Gao, C., & Sun, L. (2014). A historical study of the influences of European immigration on the formation of American English. Theory and Practice in Language Studies, 4(11), 2410-2414.
It might be deemed clear that language has an important impact on the worldview of individuals, practically classifying the world into categories, which are then denoted by separate words. Not only the intercorrelations between these categories but also the very set of phenomena for which there exist linguistic units have a major impact on how one perceives the world. It is no wonder, therefore, that “language is an important carrier of a country’s national culture and is also inevitably affected by the culture” (Gao & Sun, 2014, p. 2414). This is why the study by Gao and Sun (2014) is of particular importance for the topic of the impact of European culture on the American one.

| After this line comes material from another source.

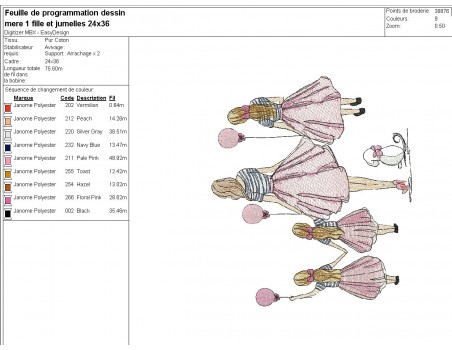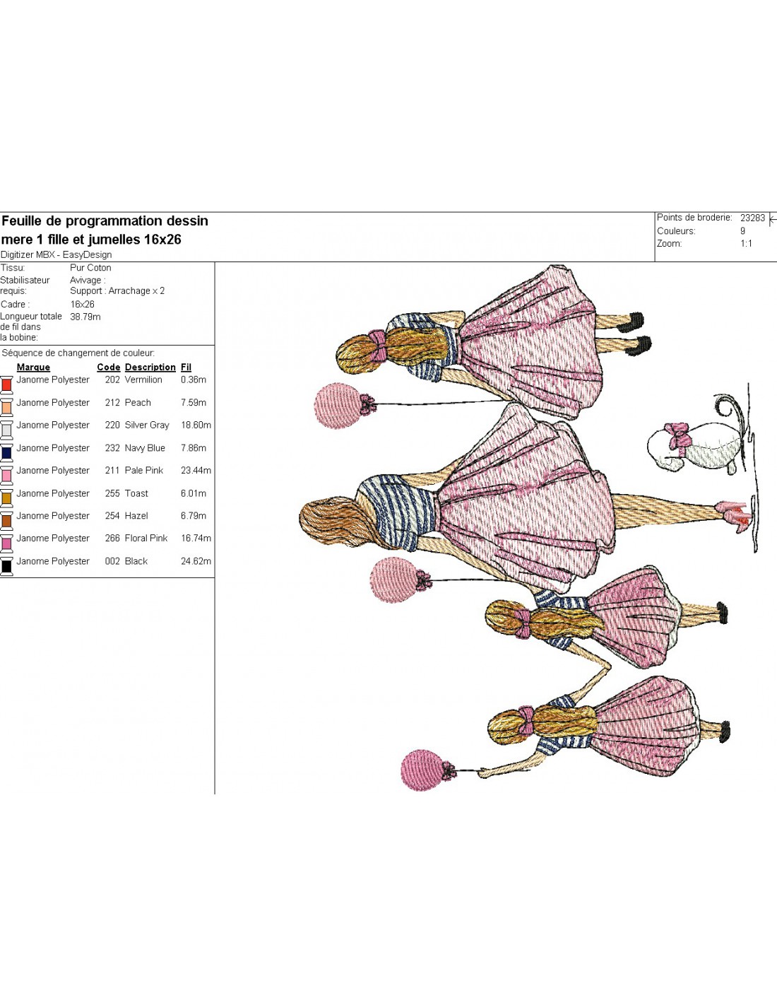 Motif de broderie machine mère avec sa fille et ses jumelles

The article provides an overview of the “influence” of the European language on the “American English” (Gao & Sun, 2014, p. 2413). Apart from mentioning the fact that Americans are a “nation of immigrants” (Gao & Sun, 2014, p. 2414), the authors point out that, while the basis of contemporary American English is British English, the American version of the language has been affected by a large number of other languages, and that some of the most profound influences are associated with the European such as Spanish, French, Dutch, and German. Being a melting pot of cultures, the American culture inherited a large number of linguistic units from the carriers of the named languages.
Therefore, the article by Gao and Sun (2014) allowed me to better understand the influence of European cultures on the American one, namely, to see that many linguistic aspects of the contemporary American English originate from other European languages.